--- What to work on ---
For the data below, please report each line where the word "나타난다" is found.

--- Data to use ---
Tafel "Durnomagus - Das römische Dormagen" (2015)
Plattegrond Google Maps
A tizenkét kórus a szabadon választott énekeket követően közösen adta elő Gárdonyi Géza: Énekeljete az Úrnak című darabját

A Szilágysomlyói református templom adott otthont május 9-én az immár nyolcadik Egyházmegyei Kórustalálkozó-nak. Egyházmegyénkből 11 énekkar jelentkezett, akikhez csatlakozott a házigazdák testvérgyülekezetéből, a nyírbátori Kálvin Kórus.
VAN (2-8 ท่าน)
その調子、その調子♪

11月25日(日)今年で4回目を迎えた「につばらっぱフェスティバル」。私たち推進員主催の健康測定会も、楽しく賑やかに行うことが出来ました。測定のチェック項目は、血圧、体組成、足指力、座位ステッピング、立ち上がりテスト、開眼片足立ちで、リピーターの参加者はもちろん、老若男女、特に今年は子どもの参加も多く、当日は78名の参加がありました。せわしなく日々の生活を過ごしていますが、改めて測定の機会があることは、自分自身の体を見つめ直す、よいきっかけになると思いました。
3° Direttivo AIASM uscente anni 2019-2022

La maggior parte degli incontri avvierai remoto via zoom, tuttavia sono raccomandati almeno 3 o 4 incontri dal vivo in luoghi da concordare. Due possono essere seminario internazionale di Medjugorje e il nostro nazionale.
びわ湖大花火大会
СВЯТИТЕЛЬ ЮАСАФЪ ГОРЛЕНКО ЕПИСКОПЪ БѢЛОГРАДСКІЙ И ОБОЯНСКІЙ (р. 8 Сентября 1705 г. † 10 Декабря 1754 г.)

---

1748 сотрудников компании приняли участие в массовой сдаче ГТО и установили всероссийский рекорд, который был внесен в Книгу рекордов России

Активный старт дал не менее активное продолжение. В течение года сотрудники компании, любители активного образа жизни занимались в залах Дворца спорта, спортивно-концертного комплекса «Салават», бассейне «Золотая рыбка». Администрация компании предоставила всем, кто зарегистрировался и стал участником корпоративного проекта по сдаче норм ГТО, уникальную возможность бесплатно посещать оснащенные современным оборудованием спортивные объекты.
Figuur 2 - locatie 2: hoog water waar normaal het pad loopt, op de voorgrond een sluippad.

* * *

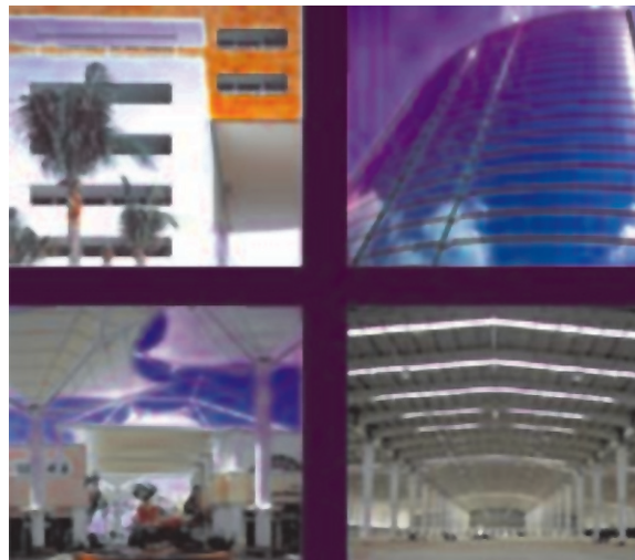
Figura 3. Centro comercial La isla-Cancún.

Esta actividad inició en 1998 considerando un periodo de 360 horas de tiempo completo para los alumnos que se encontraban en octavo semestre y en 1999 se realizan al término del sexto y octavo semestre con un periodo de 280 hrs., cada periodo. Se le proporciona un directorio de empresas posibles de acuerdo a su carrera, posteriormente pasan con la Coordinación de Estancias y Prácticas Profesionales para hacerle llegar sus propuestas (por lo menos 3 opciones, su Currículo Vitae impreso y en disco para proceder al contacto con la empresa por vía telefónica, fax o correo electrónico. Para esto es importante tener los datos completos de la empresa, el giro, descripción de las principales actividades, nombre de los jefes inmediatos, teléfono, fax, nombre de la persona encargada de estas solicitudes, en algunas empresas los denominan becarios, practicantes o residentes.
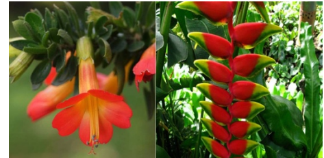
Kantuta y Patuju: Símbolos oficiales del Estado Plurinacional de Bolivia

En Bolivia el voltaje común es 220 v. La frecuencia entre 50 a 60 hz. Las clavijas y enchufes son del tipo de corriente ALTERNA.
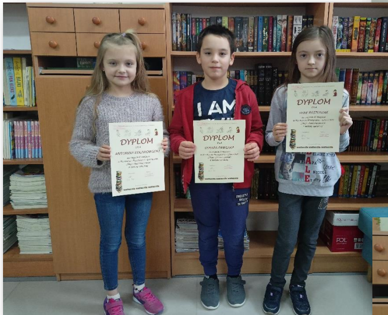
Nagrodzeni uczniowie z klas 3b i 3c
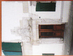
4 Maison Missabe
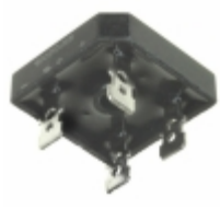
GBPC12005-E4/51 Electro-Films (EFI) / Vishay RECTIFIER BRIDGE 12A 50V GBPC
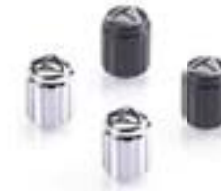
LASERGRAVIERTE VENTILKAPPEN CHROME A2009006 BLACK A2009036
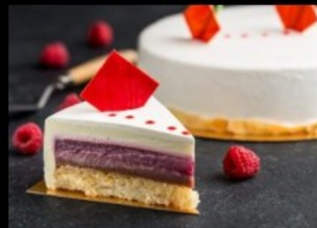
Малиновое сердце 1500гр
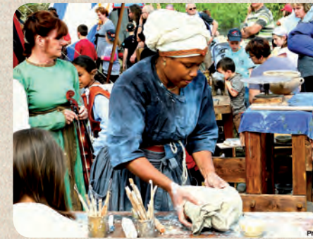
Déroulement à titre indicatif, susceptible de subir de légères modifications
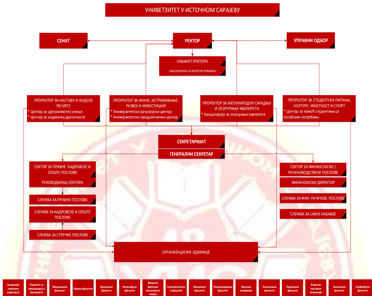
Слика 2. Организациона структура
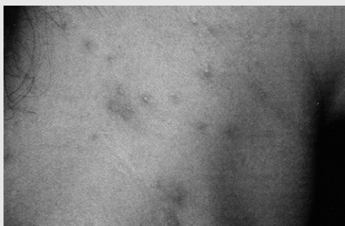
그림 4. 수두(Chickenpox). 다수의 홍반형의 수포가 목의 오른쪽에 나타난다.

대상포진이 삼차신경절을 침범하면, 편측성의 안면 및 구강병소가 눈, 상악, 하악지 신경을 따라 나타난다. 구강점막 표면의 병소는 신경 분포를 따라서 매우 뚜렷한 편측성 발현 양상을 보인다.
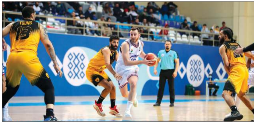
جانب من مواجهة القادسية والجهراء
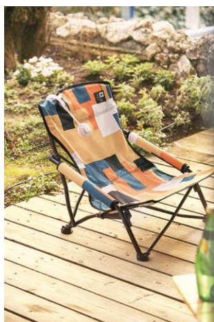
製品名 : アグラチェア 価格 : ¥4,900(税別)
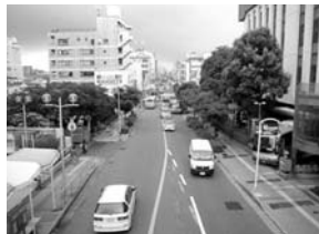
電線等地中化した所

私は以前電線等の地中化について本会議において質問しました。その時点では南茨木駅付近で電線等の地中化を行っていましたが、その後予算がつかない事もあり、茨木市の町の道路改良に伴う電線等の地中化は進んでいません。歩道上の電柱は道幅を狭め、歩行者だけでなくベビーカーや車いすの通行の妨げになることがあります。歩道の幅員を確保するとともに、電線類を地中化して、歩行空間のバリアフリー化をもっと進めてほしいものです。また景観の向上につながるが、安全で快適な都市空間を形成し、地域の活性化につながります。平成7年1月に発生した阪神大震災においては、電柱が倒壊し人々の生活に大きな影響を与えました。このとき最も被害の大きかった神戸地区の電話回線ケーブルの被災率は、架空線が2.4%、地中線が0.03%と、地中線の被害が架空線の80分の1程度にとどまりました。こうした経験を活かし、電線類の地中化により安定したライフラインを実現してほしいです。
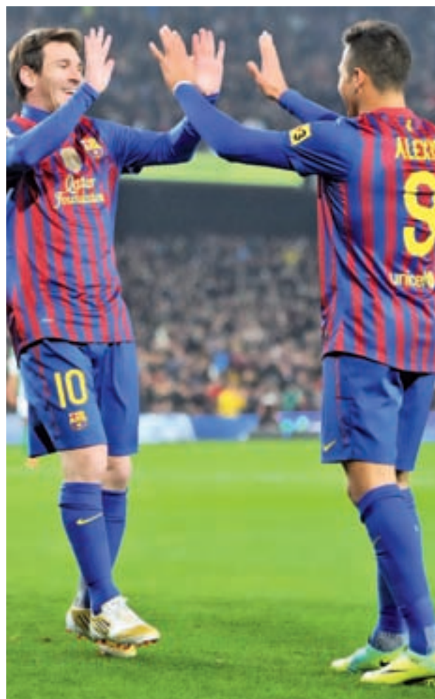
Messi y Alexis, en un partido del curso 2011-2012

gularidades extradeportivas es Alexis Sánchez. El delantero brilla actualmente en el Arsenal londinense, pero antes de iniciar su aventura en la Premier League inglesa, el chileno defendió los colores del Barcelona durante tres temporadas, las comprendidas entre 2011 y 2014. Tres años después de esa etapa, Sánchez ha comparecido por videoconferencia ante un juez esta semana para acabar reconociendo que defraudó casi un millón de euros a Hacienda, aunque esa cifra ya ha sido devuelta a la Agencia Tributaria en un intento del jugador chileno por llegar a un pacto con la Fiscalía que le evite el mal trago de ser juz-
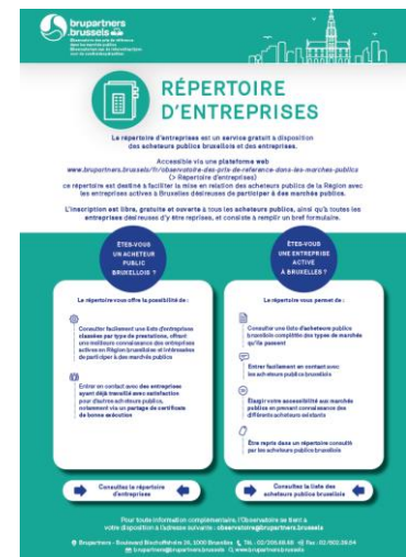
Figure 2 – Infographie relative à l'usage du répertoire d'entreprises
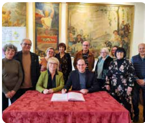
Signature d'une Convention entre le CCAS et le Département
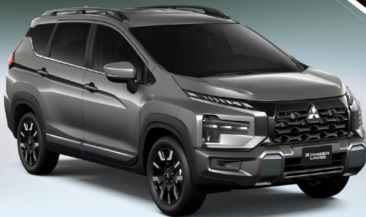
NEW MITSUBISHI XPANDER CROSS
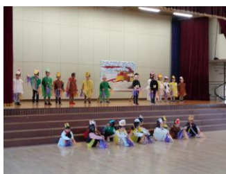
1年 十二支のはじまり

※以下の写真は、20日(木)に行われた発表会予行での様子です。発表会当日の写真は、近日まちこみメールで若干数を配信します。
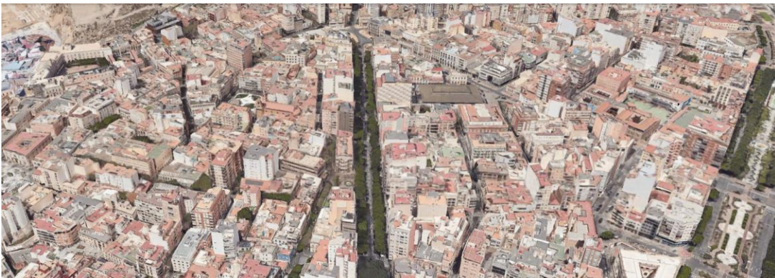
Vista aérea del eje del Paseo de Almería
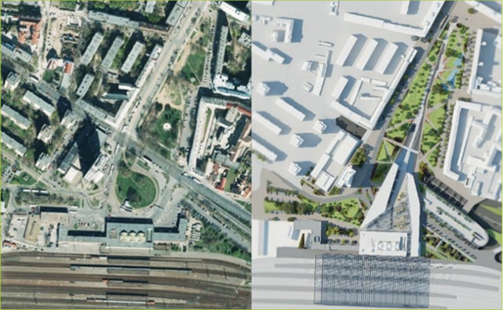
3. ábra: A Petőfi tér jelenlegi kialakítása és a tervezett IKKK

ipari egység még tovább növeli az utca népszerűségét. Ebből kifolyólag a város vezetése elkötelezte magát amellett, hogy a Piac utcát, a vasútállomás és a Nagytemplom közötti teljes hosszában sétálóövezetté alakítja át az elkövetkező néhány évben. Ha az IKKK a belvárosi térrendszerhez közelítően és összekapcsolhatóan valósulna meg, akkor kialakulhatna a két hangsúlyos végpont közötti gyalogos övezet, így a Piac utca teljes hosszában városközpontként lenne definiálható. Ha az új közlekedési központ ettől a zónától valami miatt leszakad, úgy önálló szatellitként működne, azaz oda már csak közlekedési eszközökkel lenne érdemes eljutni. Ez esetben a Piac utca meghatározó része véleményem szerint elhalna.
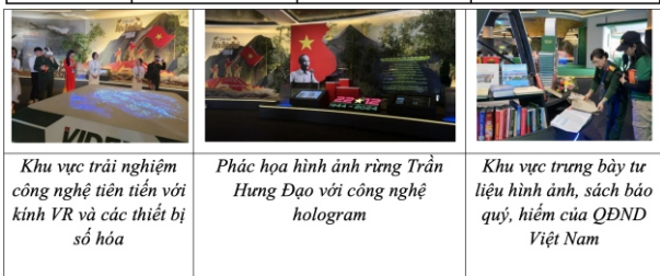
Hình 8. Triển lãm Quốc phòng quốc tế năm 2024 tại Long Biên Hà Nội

--- Answer box ---
그림 4. 수두(Chickenpox). 다수의 홍반형의 수포가 목의 오른쪽에 나타난다.
대상포진이 삼차신경절을 침범하면, 편측성의 안면 및 구강병소가 눈, 상악, 하악지 신경을 따라 나타난다. 구강점막 표면의 병소는 신경 분포를 따라서 매우 뚜렷한 편측성 발현 양상을 보인다.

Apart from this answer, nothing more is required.